● **ABOUT THIS TASK**
Please reproduce all of the data exactly as it appears, but skip the pictures.

● **INFORMATION SUPPLIED**
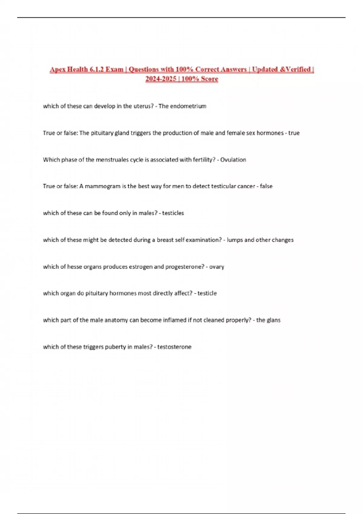 Apex Health 6.1.2 Exam | Questions with 100% Correct Answers | Updated &Verified | | 100% Score
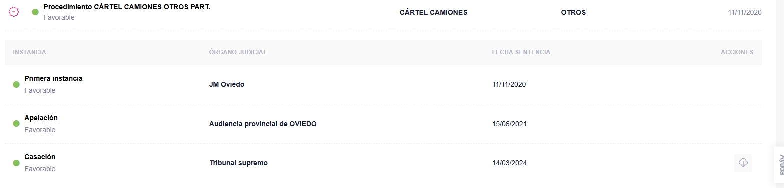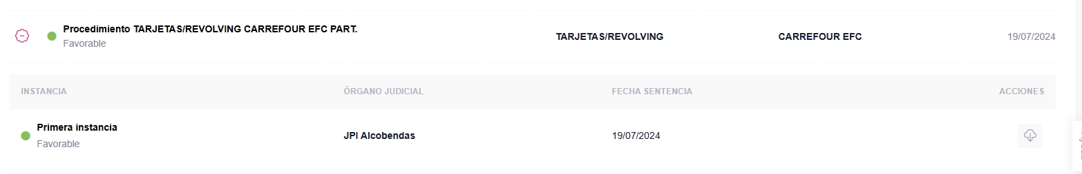 Por cada instancia, en la parte de acciones, hay un icono de descargas, que dependiendo de los permisos del socio se podrá utilizar o no, y de si hay algún archivo adjunto o no.
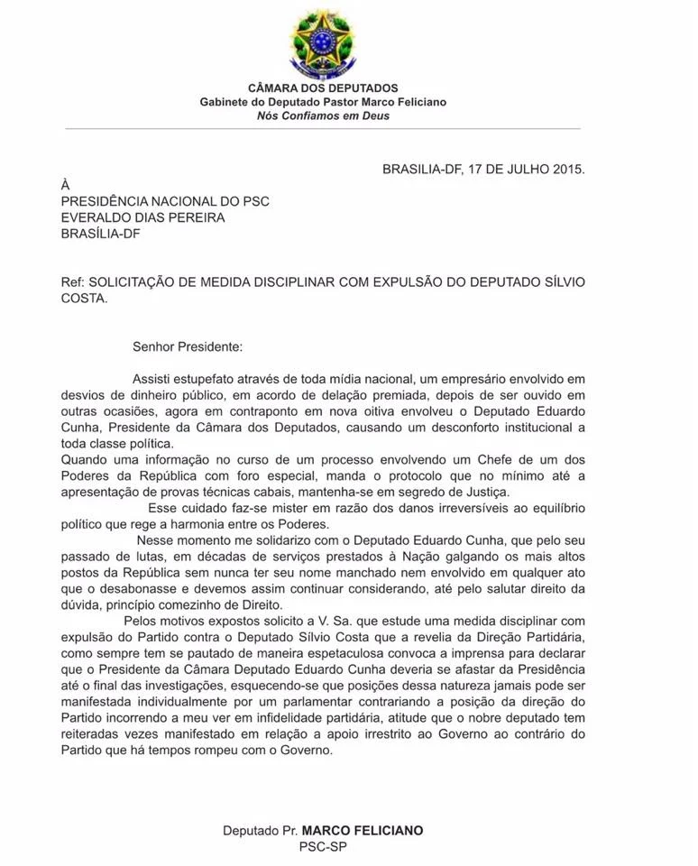 O meio político esta exatamente que  os adversários gostam, MARCO FELICIANO  não  ficou parado no tempo, enviou uma carta  cotra o deputado  do PSC BRASILIA-DF, 17 DE JULHO 2015.
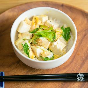 朝食や昼食もバランスの良い食事を☆豆腐の卵とじ丼

● **SOLUTION TO THE PROBLEM**
 Apex Health 6.1.2 Exam | Questions with 100% Correct Answers | Updated &Verified | | 100% Score
 Por cada instancia, en la parte de acciones, hay un icono de descargas, que dependiendo de los permisos del socio se podrá utilizar o no, y de si hay algún archivo adjunto o no.
 O meio político esta exatamente que  os adversários gostam, MARCO FELICIANO  não  ficou parado no tempo, enviou uma carta  cotra o deputado  do PSC BRASILIA-DF, 17 DE JULHO 2015.
 朝食や昼食もバランスの良い食事を☆豆腐の卵とじ丼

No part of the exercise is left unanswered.